Data excerpt
Start of Block

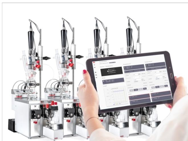
Chart 2: RemoteX with FlexyCUBE
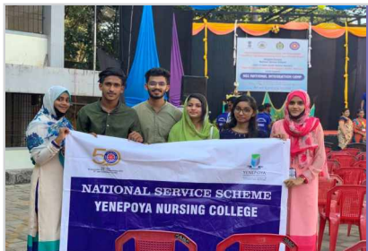
Student's participation in National integration Camp at Padua college inauguration (NSS Unit-II, YNC) on 23-02-2021
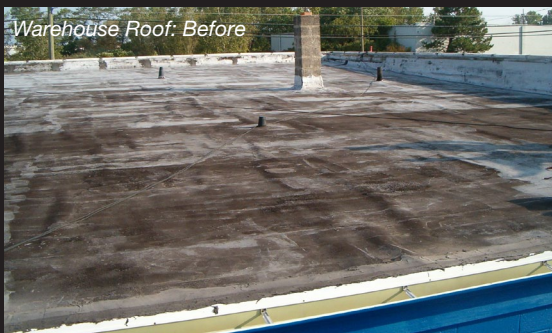
Warehouse Roof: Before
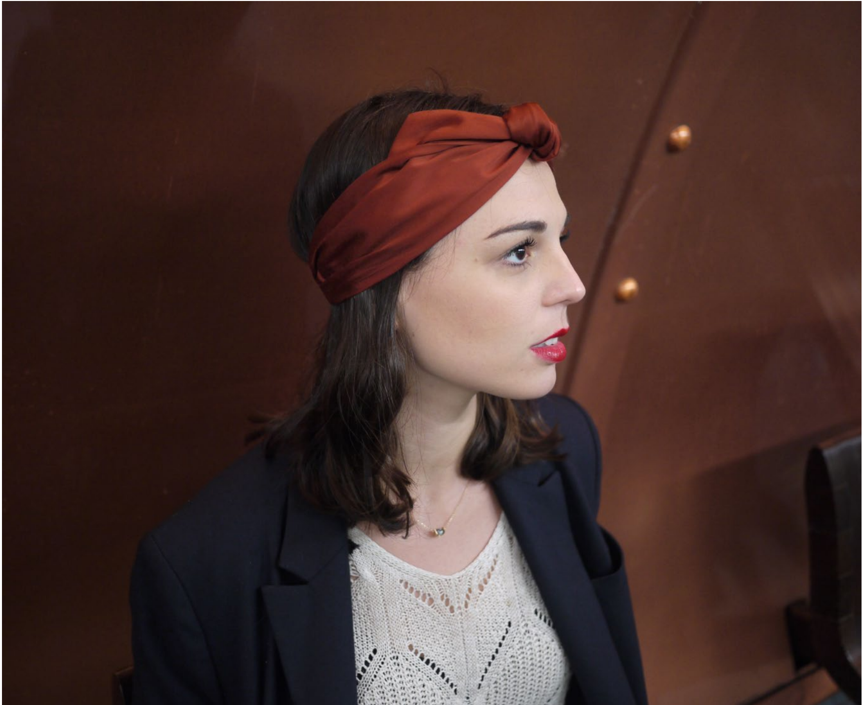
Headband Oria - Made in Paris

End of Block

Exercise objective
All that is wanted is the lines from the one holding "Warehouse Roof: Before" through the end of the material, duplicated exactly, with no pictures.

Answer for this exercise
Warehouse Roof: Before
Headband Oria - Made in Paris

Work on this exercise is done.